Thanks for this week's conundrum.

This conundrum is using an ambiguous term, or a term that I do not understand how to calculate.

raw win:loss ratio

If a player played 1 game and lost 0 as many of the participants in this data did.  That produces an undefined value for the ratio win/loss, often displayed as a positive Infinity.  There are 4381 players who have no losses in the data. (if you drop draws.) All would be calculated as an infinite win/loss ratio.

However, then how do we pick a top 10 from this list?  All have the same infinite score.
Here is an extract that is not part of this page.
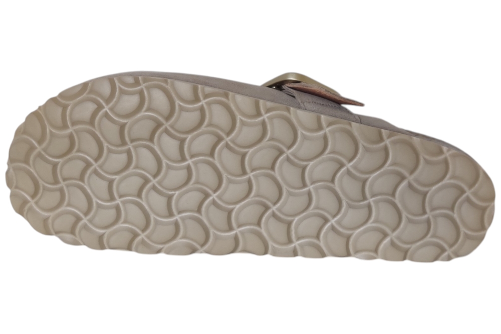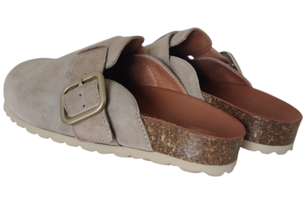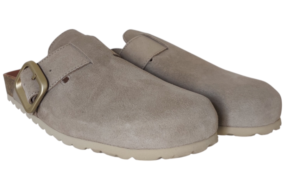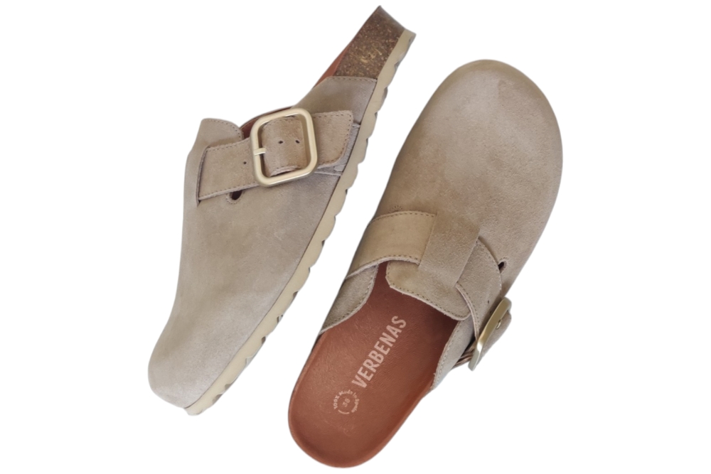 Slipper van Verbenas.Hippe slipper met band op de wreef met gesp sluiting.Kleur beige. Matriaal suede Voering leer. zool rubber ca 2 cm.

We might want to celebrate a top 10 pick based on the number of wins.   So showing the player who had 24 wins with no loss might get the #1 position.  A then the player with 18 wins and no loss...

However what about a player that has 45 wins and 1 loss?  They made 46 attempts and have a ratio of 45/1 which is lower than the infinity scored by a player who had 1 win and 0 losses.  I would think that the player having 45 wins and 1 loss is likely a much better player than the "one-win wonders" in our dataset.

Can anyone point me to a place that produces a calculation to deal with this kind of issue?

@MichaelG can you clarify what you intended by the 

top 10 extract the top players by raw win:loss ratio

 

P.S. What do folks think about dealing with the 950 games that are "draws"?  At this point in time, I've dropped those games because they are neither a win nor a loss.  We could also give each player .5 wins and .5 losses for the draw.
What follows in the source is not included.